Динни подошла к нему:
– Я отправляюсь в гостиную Флёр, Майкл. Не покажешь ли лорду Саксендену, где она находится. Буду ждать до двенадцати, потом пойду спать. А пока что подберу отрывки, которые надо ему прочесть.
– Всё будет сделано, Динни. Доведу его до самого порога. Желаю успеха!

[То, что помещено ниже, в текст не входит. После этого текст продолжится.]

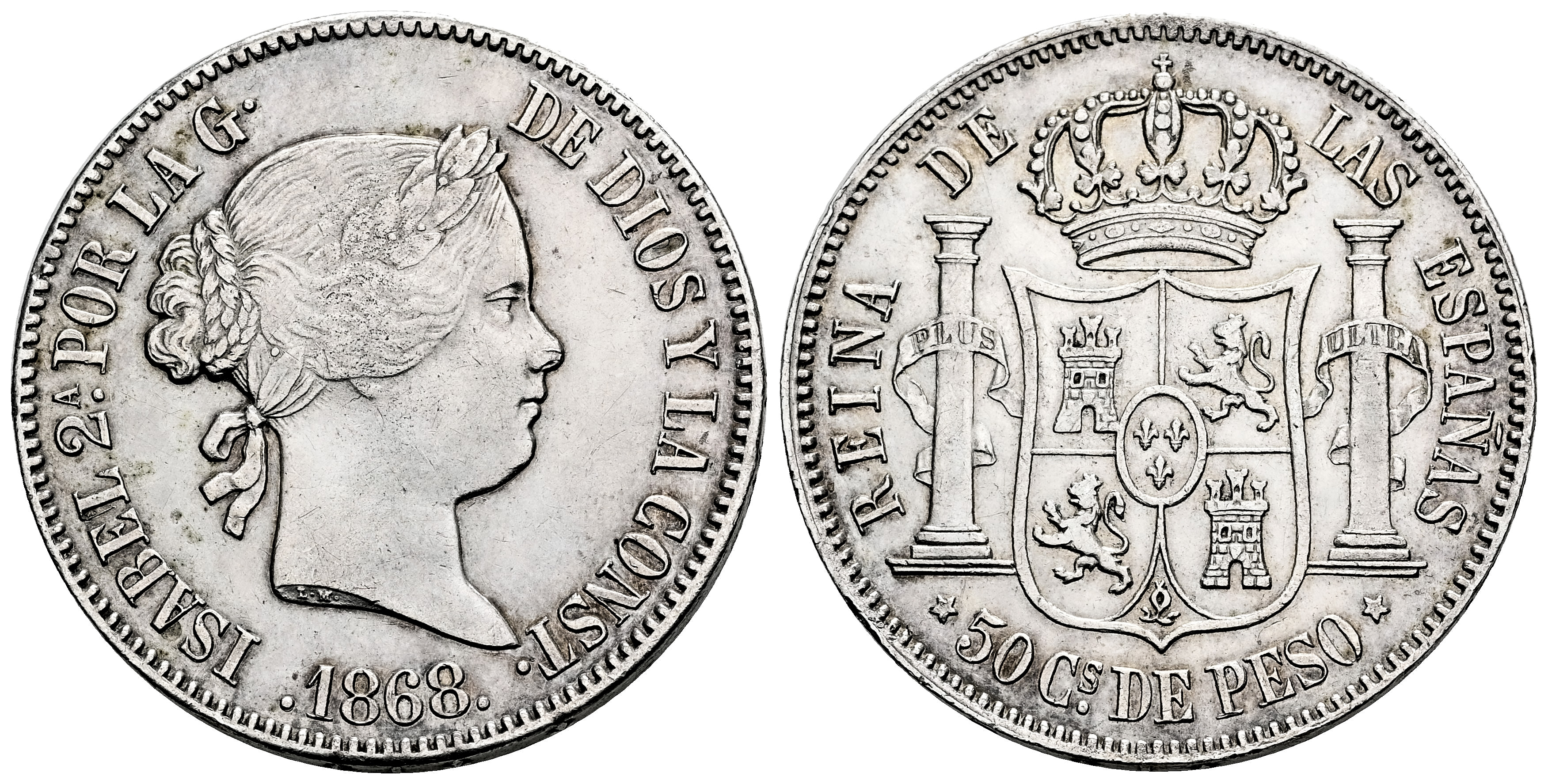 Isabel II (1833-1868). 50 centavos. 1868. Manila. (Cal-667). Ag. 12,87 g. Ligeramente limpiada. MBC+. Est...150,00.

Достав дневник, Динни распахнула окно маленькой гостиной и уселась выбирать отрывки. Было уже половина одиннадцатого. Ни один звук не отвлекал девушку. Она выбрала шесть довольно длинных отрывков, которые, на её взгляд, доказывали невыполнимость задачи, стоявшей перед её братом. Затем закурила сигарету, высунулась из окна и стала ждать.
Вечер был такой же изумительный, как и раньше, но сейчас Динни воспринимала его гораздо острее. Вечное движение в вечном покое? Если бог существует, он, видимо, избегает непосредственного вмешательства в дела смертных. Да и зачем ему вмешиваться? Внял ли он крику зайца, подстреленного Саксенденом, и содрогнулся ли? Увидел ли бог, как пальцы Алена сжали её руку? Улыбнулся ли он? Послал ли он ангела с хинином к Хьюберту, когда тот, сражённый лихорадкой, лежал в боливийских джунглях, слушая, как вопят болотные птицы? Если бы миллиарды лет тому назад вон та звезда погасла и повисла в космосе холодной чёрной массой, записал ли бы это бог на своей манжете? Внизу – мириады мириадов листьев и былинок, сплетающих ткань непроглядной мглы; вверху – мириады мириадов звёзд, излучающих свет, который помогает глазам Динни ощущать тьму. И все это порождено бесконечным движением в бесконечном покое, всё это – частица бога. Сама она, Динни; и дымок её сигареты; и жасмин, до которого рукой подать и цвет которого неразличим; и работа её мозга, заключающего, что этот цвет – не жёлтый; и собака, лающая так далеко, что звук кажется ниточкой – потяни за неё и схватишь рукой тишину, – все, всё имеет своё далёкое, беспредельное, всеобъемлющее, непостижимое назначение, всё исходит от бога.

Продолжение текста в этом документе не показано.